A triangular geometry problem: 2

Thanks to all for writing a solution! I am actually surprised to see a such detailed and complex solution, as I did this problem in a very different way: 1. Take the lengths GD and DF as length a and b respectively. 2. We deduce that GF is 2-a-b 3.imagine rotating triangle BAG by 90 degrees anti clockwise, forming a new triangle BFG'. 4. FC is 1-b, and CG' is 1-a, hence FG' is equal to FG, deducing that BFG and BFG' is actually congruent. 5.angle GBG' is 90 degrees and bisected by angle GBF, so GBF=90/2=45.

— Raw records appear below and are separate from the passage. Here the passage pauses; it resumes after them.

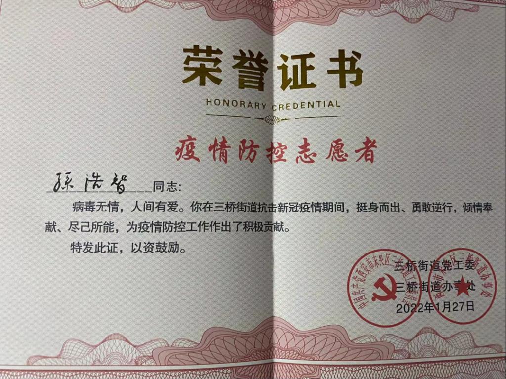 在疫情又一次反弹时,孙浩智同学坚守着小区住户的安全。她深刻体会到社会实践的真正意义,在志愿服务当中还认识到社会交往情绪的重要性。孙浩智同学表示此次志愿服务收获颇丰,在今后好好学习,不断精进,刻苦钻研,在未来可能面临的困难中,打出漂亮的一仗。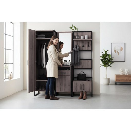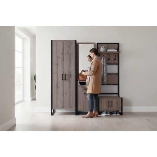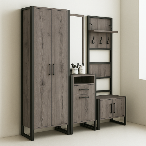 Передпокій у стилі лофт — це сучасний комплект меблів, створений для зручного та стильного облаштування Вашого коридору. Поєднання теплої деревної текстури та чорного металевого каркаса робить такий передпокій виразним акцентом інтер’єру, а продумана функціональність забезпечує комфорт у щоденному користуванні.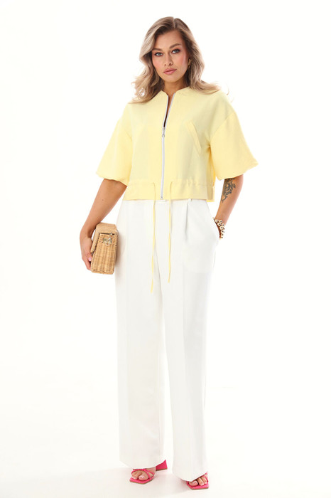 Комплект 2-ка, состоящий из укороченного бомбера и брюк. Бомбер с застёжкой на молнию и объёмными рукавами. Линия талии на кулисе и завязке из основной ткани.Брюки широкого объема, прямого силуэта. На передних половинках брюк заутюжены стрелки, переходящие в складки по линии талии. На задних половинках также заутюжены стрелки. В боковых швах расположены карманы. Застежка-гульфик. Пояс отрезной, притачной. В задней части пояса вставлена эластичная тесьма (резинка). На пояс настрочены шлевки. Выступающая часть пояса застегивается на петлю и крючок.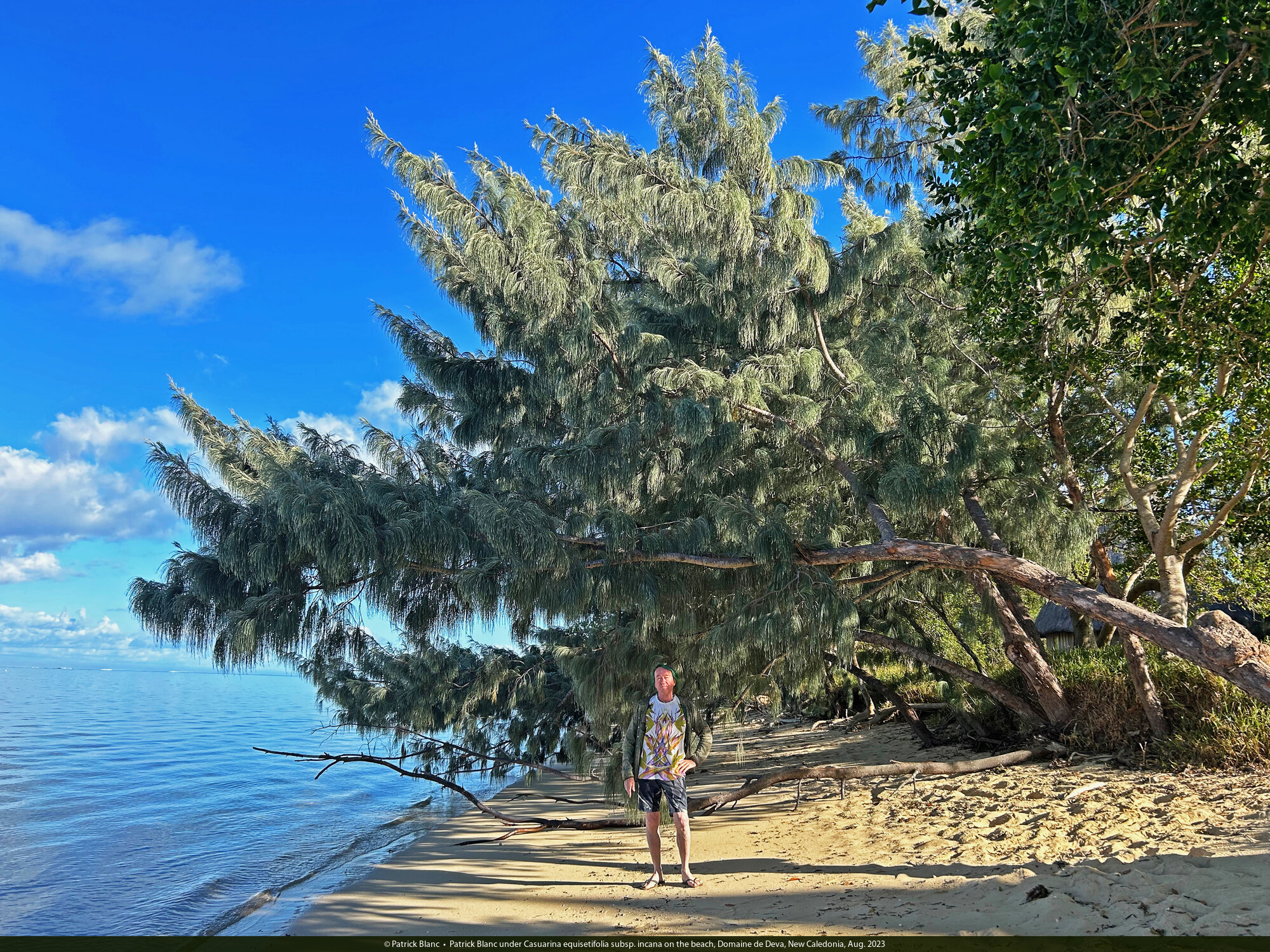 Patrick Blanc under Casuarina equisetifolia subsp. incana on the beach, Domaine de Deva, New Caledonia, Aug. 2023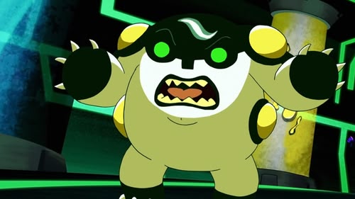 After the Junkbot shoots the Omnitrix and it begins glowing neon-blue, an imprisoned Vilgax explains it is now a gateway through which the Fulmini Empire will invade Earth.

let $\angle ABG = t$ and $\angle CBF = s$ , then the perimeter condition on $\triangle GFD$ implies that

$2 = (1 - \tan t) + (1 - \tan s) + \sqrt{ \sec^2 t + \sec^2 s - 2 \sec t \sec s \cos( \dfrac{\pi}{2} - (t+s) ) }$

Therefore,

$0 = - \tan t - \tan s + \sqrt{ \sec^2 t + \sec^2 s - 2 \sec t \sec s \sin(t+s) }$

Multiplying through by $\cos t \cos s$ results in,

$0 = - \sin t \cos s - \cos t \sin s + \sqrt{ \cos^2 s + \cos^2 t - 2 \cos s \cos t \sin(t+s) }$

Hence,

$(\sin t \cos s + \cos t \sin s)^2 = \cos^2 s + \cos^2 t - 2 \cos s \cos t \sin(t+s)$

Expanding the left hand side,

$\sin^2 t \cos^2 s + \cos^2 t \sin^2 s + 2 \sin t \sin s \cos t \cos s = \cos^2 s + \cos^2 t - 2 \cos s \cos t \sin(t+s)$

Collecting terms,

$cos^2 s (sin^2 s - 1) + \cos^2 t (\sin^2 s - 1) + 2 \sin t \sin s \cos t \cos s = -2 \cos s \cos t \sin(t+s)$

Hence,

$- 2 \cos^2 s \cos^2 t + 2 \sin t \sin s \cos t \cos s = -2 \cos s \cos t \sin(t + s)$

Dividing through by $-2 \cos s \cos t$ ,

$\cos s \cos t - \sin t \sin s = \sin(t + s)$

Therefore,

$\cos(t + s) = \sin(t + s)$

Which implies

$\tan(t + s) = 1$ , so that $(t + s) = 45^{\circ}$

Finally, $\angle GBF = 90^{\circ} - (t + s) = 90^{\circ} - 45^{\circ} = 45^{\circ}$

Let $|DF| = x$ and $|DG| = y$ . Then we require that $x + y + \sqrt{x^{2} + y^{2}} = 2$ , and so

$\sqrt{x^{2} + y^{2}} = 2 - (x + y) \Longrightarrow x^{2} + y^{2} = 4 + (x + y)^{2} - 4(x + y) = 4 + x^{2} + y^{2} + 2xy - 4x - 4y \Longrightarrow 4y - 2xy = 4 - 4x \Longrightarrow y = \dfrac{2(1 - x)}{2 - x}$ .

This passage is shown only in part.